Saved entries:
────────────────

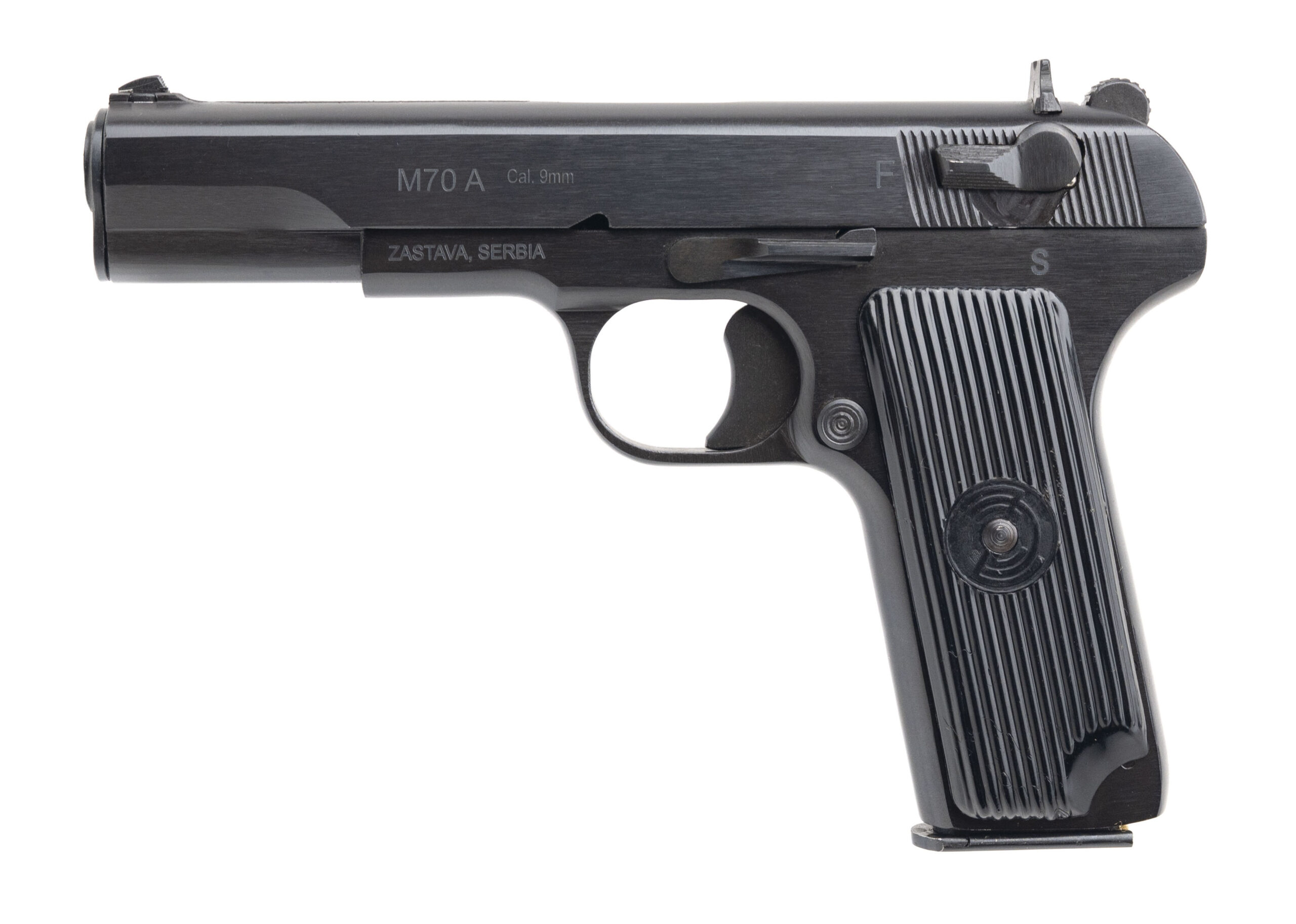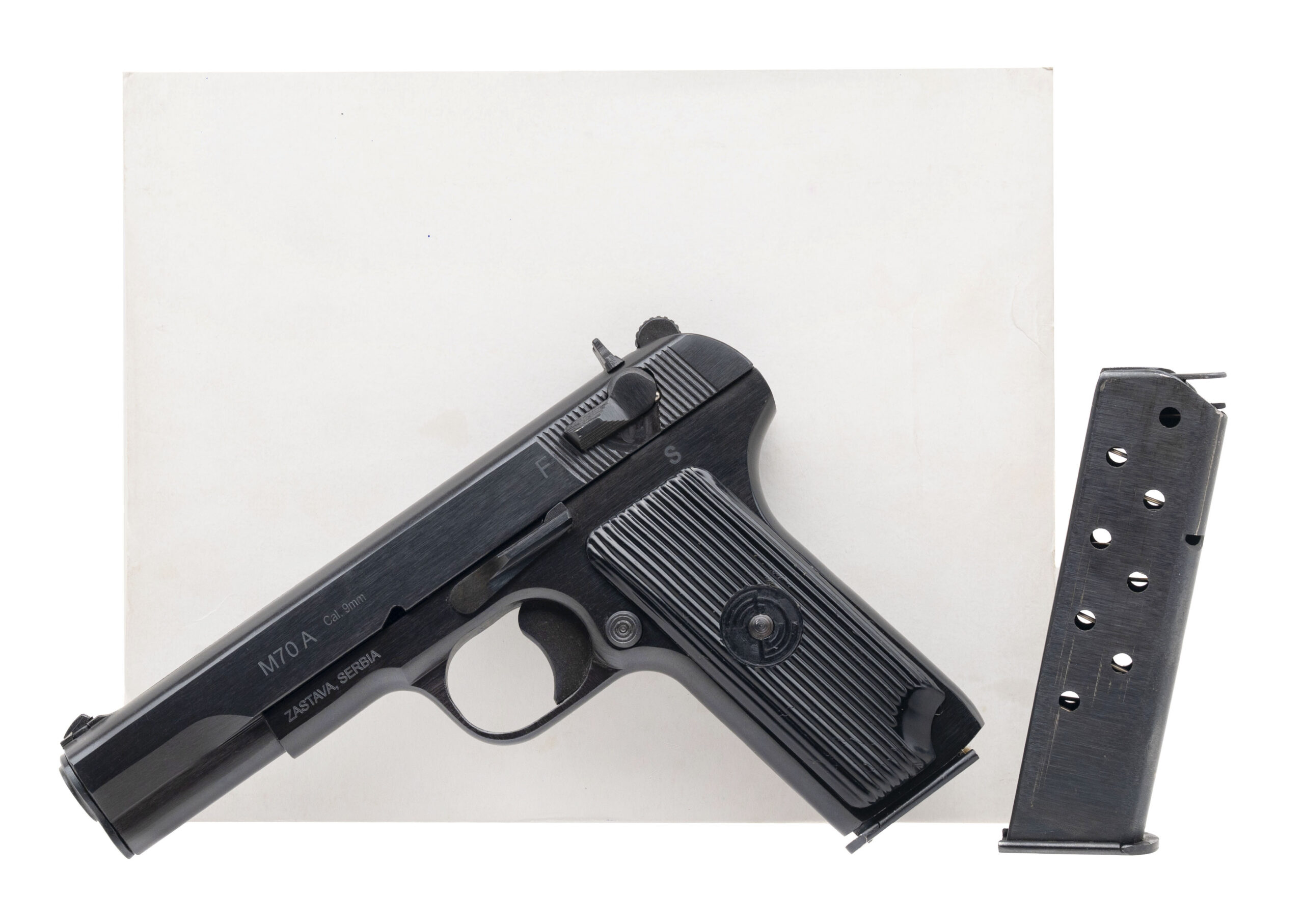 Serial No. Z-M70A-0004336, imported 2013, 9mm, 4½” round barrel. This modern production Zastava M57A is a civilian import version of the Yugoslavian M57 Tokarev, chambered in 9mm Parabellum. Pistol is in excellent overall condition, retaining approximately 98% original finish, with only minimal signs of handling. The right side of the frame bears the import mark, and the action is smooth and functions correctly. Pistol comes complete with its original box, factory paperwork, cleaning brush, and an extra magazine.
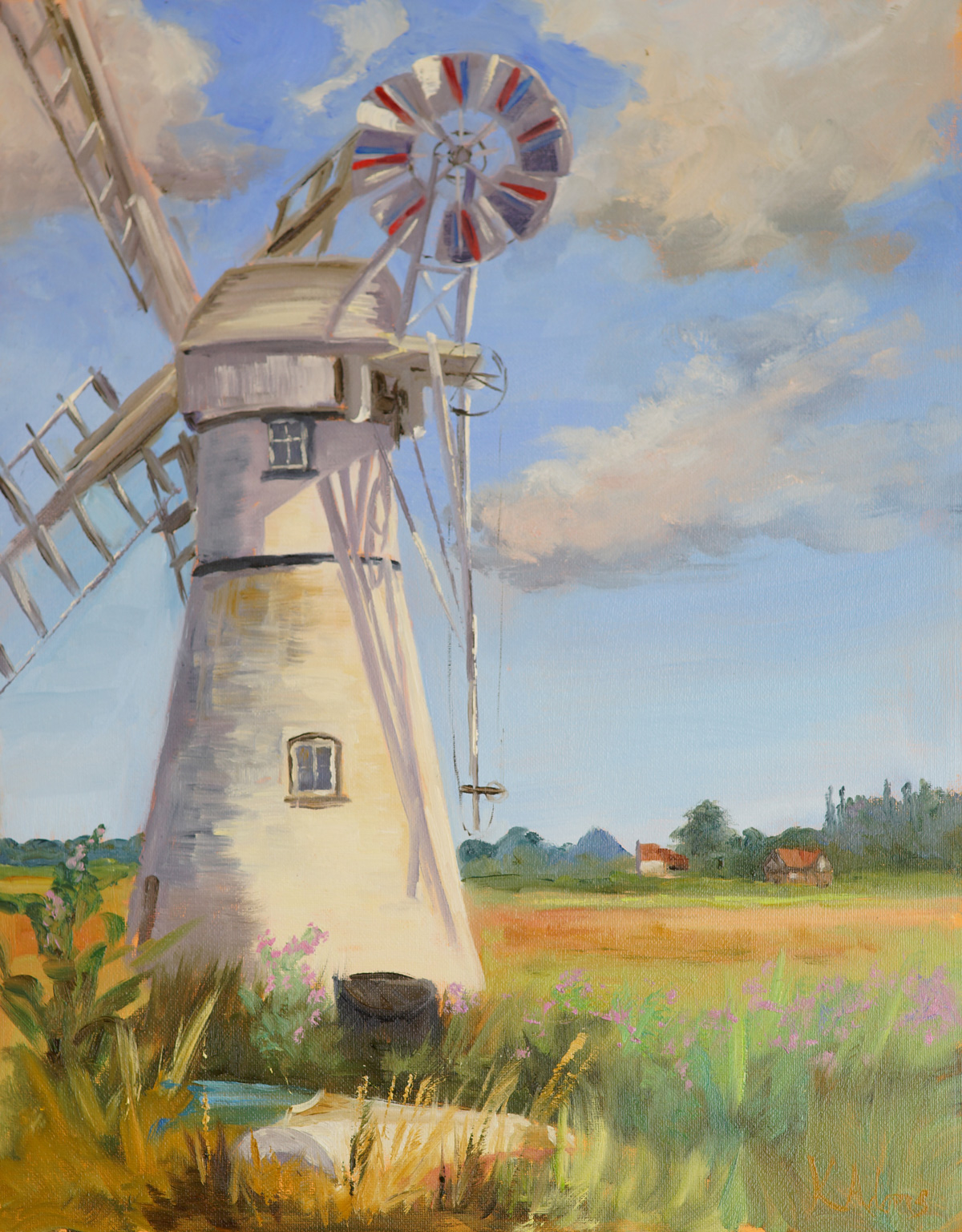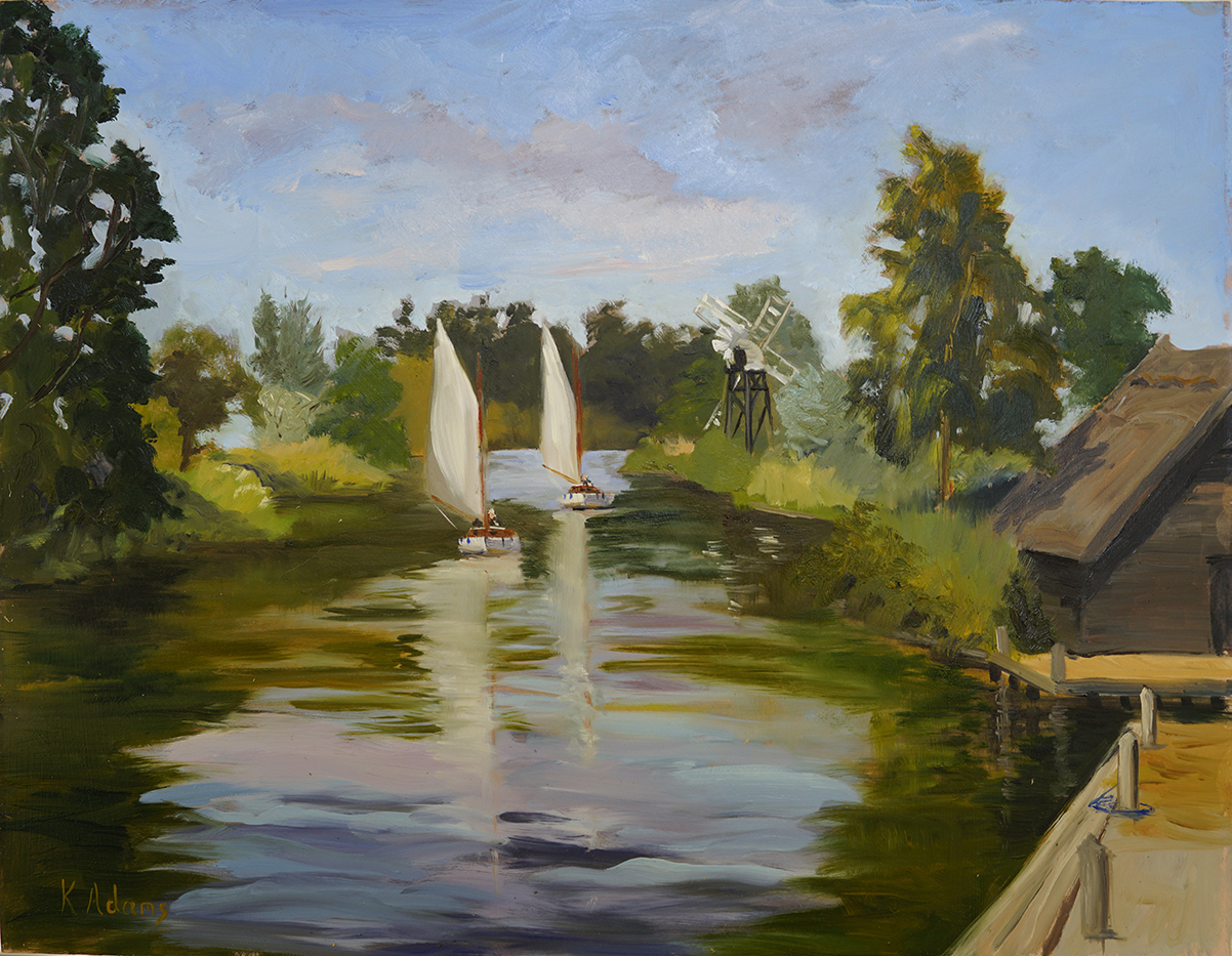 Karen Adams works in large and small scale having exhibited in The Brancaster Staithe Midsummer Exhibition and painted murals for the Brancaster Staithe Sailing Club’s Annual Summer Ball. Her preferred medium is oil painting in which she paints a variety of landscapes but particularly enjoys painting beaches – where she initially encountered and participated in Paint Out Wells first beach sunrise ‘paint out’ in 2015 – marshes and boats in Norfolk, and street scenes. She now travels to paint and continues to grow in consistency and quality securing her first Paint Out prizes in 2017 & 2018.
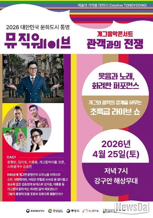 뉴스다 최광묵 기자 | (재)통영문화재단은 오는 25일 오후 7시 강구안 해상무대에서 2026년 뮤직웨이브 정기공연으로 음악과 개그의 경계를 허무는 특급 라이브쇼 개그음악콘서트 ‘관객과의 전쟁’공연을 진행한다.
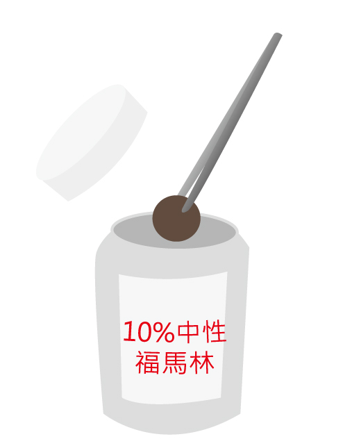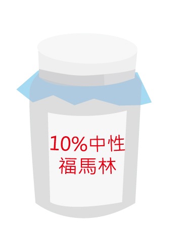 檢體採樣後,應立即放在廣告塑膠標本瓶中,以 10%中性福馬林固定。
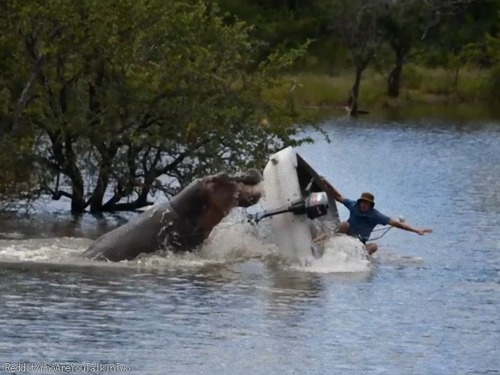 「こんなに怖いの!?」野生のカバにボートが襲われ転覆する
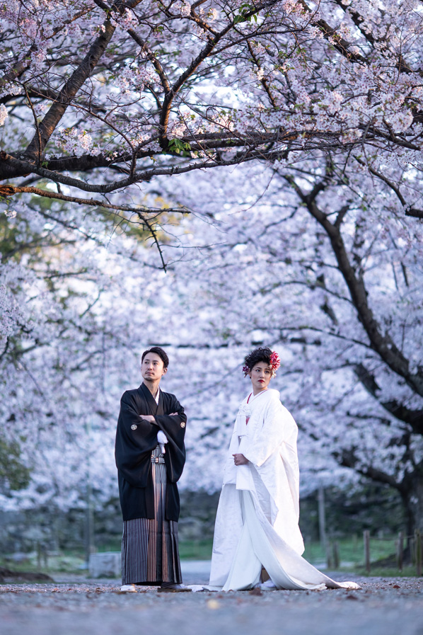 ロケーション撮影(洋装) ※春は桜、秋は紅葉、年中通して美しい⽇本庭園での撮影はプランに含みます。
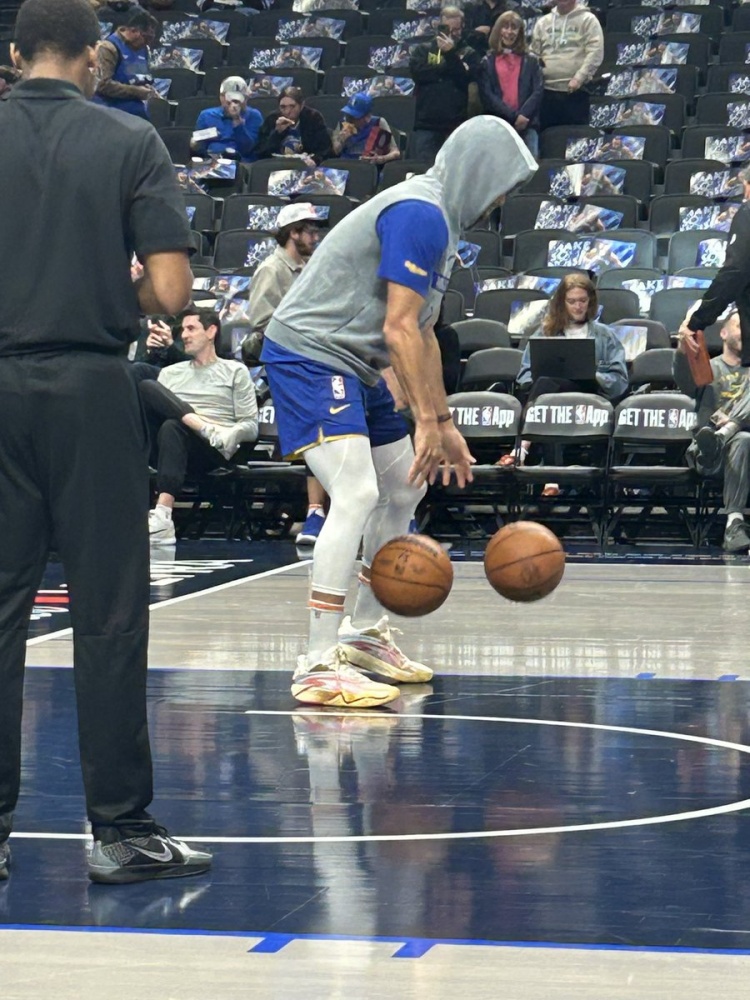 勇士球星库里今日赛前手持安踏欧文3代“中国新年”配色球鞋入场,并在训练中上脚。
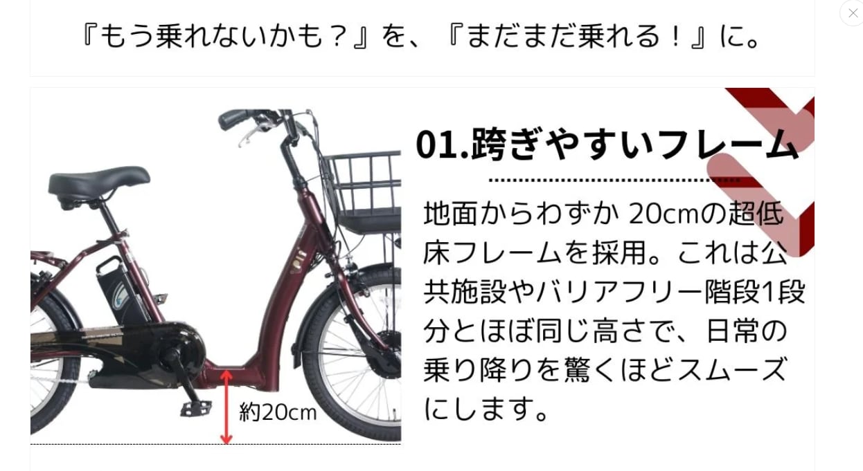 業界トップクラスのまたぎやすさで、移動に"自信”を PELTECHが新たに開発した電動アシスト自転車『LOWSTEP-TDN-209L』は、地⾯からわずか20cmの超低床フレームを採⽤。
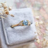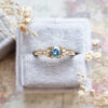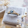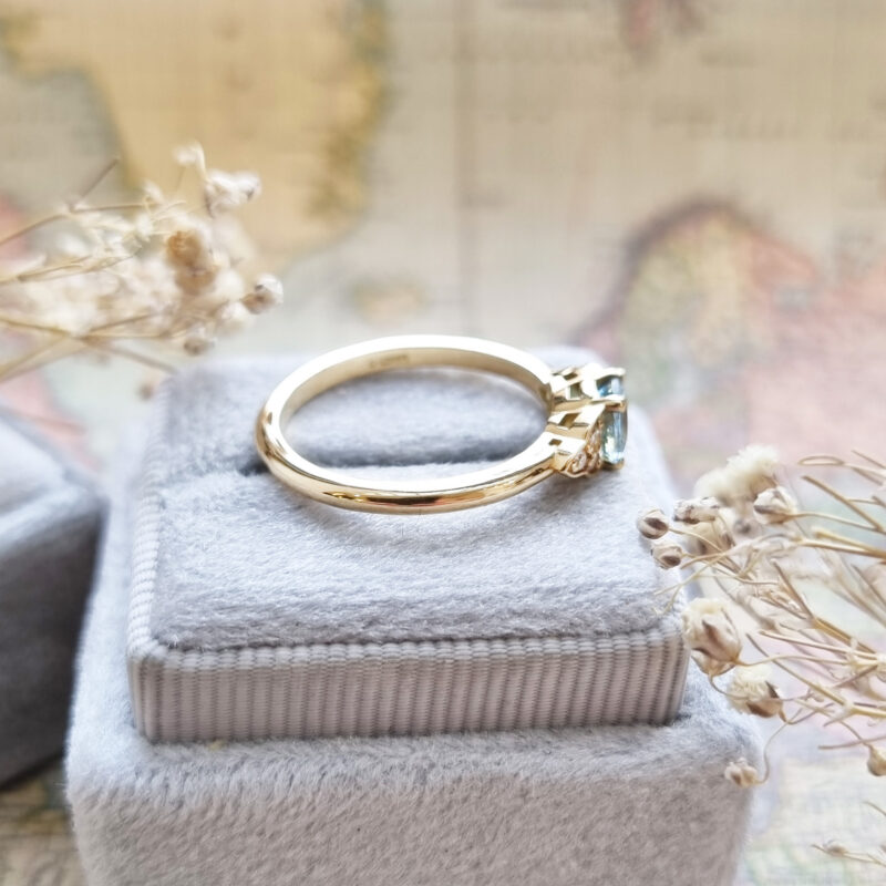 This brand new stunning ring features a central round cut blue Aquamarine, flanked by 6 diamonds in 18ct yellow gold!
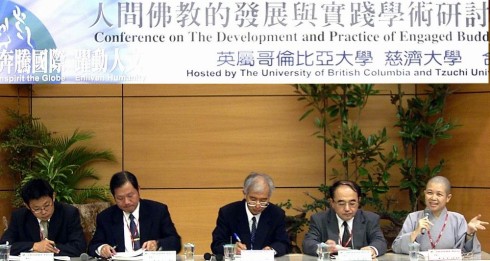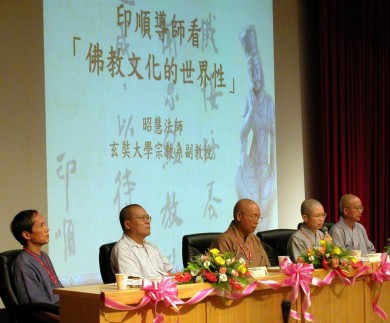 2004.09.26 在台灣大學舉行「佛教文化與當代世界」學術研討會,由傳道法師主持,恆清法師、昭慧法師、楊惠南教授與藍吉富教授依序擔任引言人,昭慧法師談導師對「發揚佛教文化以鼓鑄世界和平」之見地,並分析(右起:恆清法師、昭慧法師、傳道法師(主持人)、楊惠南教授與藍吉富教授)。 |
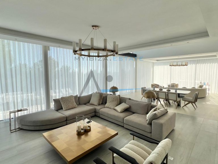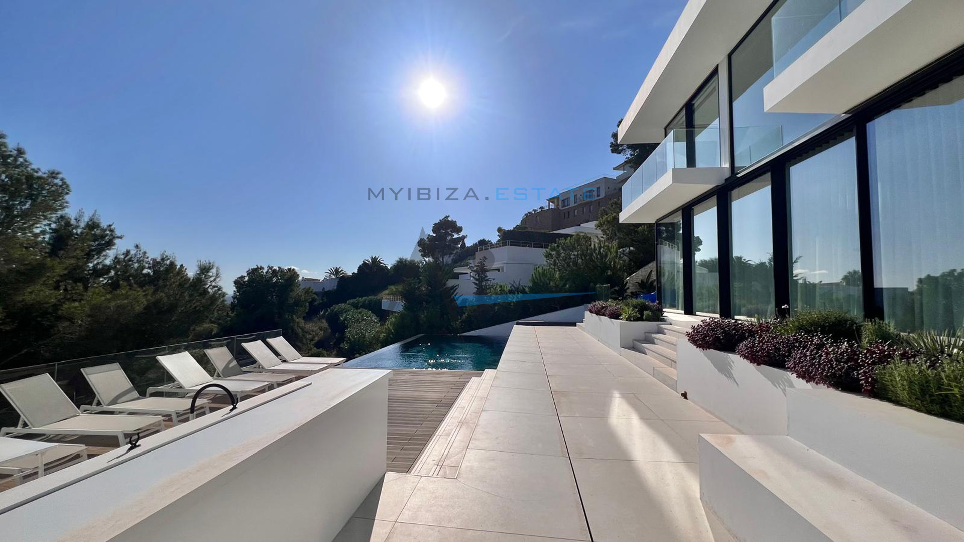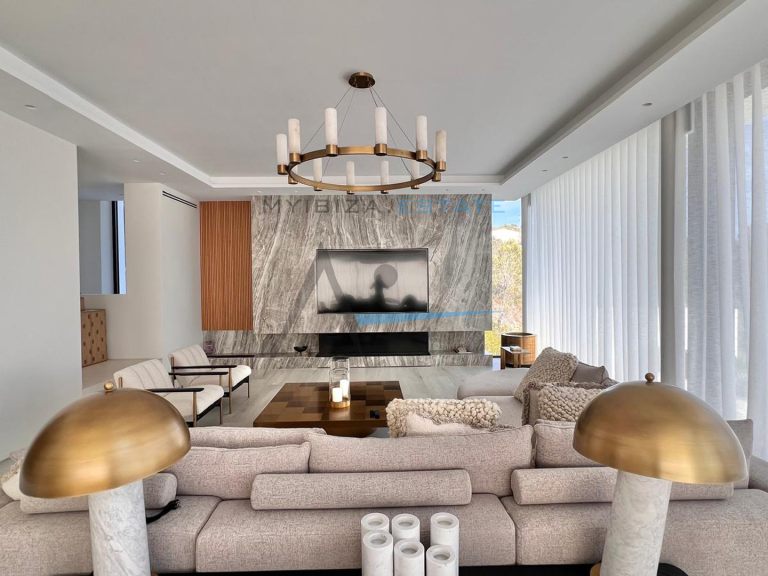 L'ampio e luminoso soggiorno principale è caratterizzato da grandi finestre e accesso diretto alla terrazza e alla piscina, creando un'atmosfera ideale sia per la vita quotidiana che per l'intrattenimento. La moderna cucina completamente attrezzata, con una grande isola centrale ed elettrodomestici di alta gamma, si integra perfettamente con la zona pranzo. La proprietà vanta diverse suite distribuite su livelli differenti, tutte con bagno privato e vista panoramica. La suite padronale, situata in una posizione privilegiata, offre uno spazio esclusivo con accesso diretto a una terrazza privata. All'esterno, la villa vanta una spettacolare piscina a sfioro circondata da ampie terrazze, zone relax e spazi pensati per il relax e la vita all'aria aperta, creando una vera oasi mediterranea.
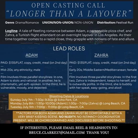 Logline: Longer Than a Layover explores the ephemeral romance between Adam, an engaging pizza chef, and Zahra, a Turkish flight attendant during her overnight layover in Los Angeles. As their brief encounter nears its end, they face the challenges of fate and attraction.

────────────────

Problem details — Each entry above must be duplicated precisely; none of the pictures may be included.

Written solution —
 Serial No. Z-M70A-0004336, imported 2013, 9mm, 4½” round barrel. This modern production Zastava M57A is a civilian import version of the Yugoslavian M57 Tokarev, chambered in 9mm Parabellum. Pistol is in excellent overall condition, retaining approximately 98% original finish, with only minimal signs of handling. The right side of the frame bears the import mark, and the action is smooth and functions correctly. Pistol comes complete with its original box, factory paperwork, cleaning brush, and an extra magazine.
 Karen Adams works in large and small scale having exhibited in The Brancaster Staithe Midsummer Exhibition and painted murals for the Brancaster Staithe Sailing Club’s Annual Summer Ball. Her preferred medium is oil painting in which she paints a variety of landscapes but particularly enjoys painting beaches – where she initially encountered and participated in Paint Out Wells first beach sunrise ‘paint out’ in 2015 – marshes and boats in Norfolk, and street scenes. She now travels to paint and continues to grow in consistency and quality securing her first Paint Out prizes in 2017 & 2018.
 뉴스다 최광묵 기자 | (재)통영문화재단은 오는 25일 오후 7시 강구안 해상무대에서 2026년 뮤직웨이브 정기공연으로 음악과 개그의 경계를 허무는 특급 라이브쇼 개그음악콘서트 ‘관객과의 전쟁’공연을 진행한다.
 檢體採樣後,應立即放在廣告塑膠標本瓶中,以 10%中性福馬林固定。
 「こんなに怖いの!?」野生のカバにボートが襲われ転覆する
 ロケーション撮影(洋装) ※春は桜、秋は紅葉、年中通して美しい⽇本庭園での撮影はプランに含みます。
 勇士球星库里今日赛前手持安踏欧文3代“中国新年”配色球鞋入场,并在训练中上脚。
 業界トップクラスのまたぎやすさで、移動に"自信”を PELTECHが新たに開発した電動アシスト自転車『LOWSTEP-TDN-209L』は、地⾯からわずか20cmの超低床フレームを採⽤。
 This brand new stunning ring features a central round cut blue Aquamarine, flanked by 6 diamonds in 18ct yellow gold!
 2004.09.26 在台灣大學舉行「佛教文化與當代世界」學術研討會,由傳道法師主持,恆清法師、昭慧法師、楊惠南教授與藍吉富教授依序擔任引言人,昭慧法師談導師對「發揚佛教文化以鼓鑄世界和平」之見地,並分析(右起:恆清法師、昭慧法師、傳道法師(主持人)、楊惠南教授與藍吉富教授)。 |
 L'ampio e luminoso soggiorno principale è caratterizzato da grandi finestre e accesso diretto alla terrazza e alla piscina, creando un'atmosfera ideale sia per la vita quotidiana che per l'intrattenimento. La moderna cucina completamente attrezzata, con una grande isola centrale ed elettrodomestici di alta gamma, si integra perfettamente con la zona pranzo. La proprietà vanta diverse suite distribuite su livelli differenti, tutte con bagno privato e vista panoramica. La suite padronale, situata in una posizione privilegiata, offre uno spazio esclusivo con accesso diretto a una terrazza privata. All'esterno, la villa vanta una spettacolare piscina a sfioro circondata da ampie terrazze, zone relax e spazi pensati per il relax e la vita all'aria aperta, creando una vera oasi mediterranea.
 Logline: Longer Than a Layover explores the ephemeral romance between Adam, an engaging pizza chef, and Zahra, a Turkish flight attendant during her overnight layover in Los Angeles. As their brief encounter nears its end, they face the challenges of fate and attraction.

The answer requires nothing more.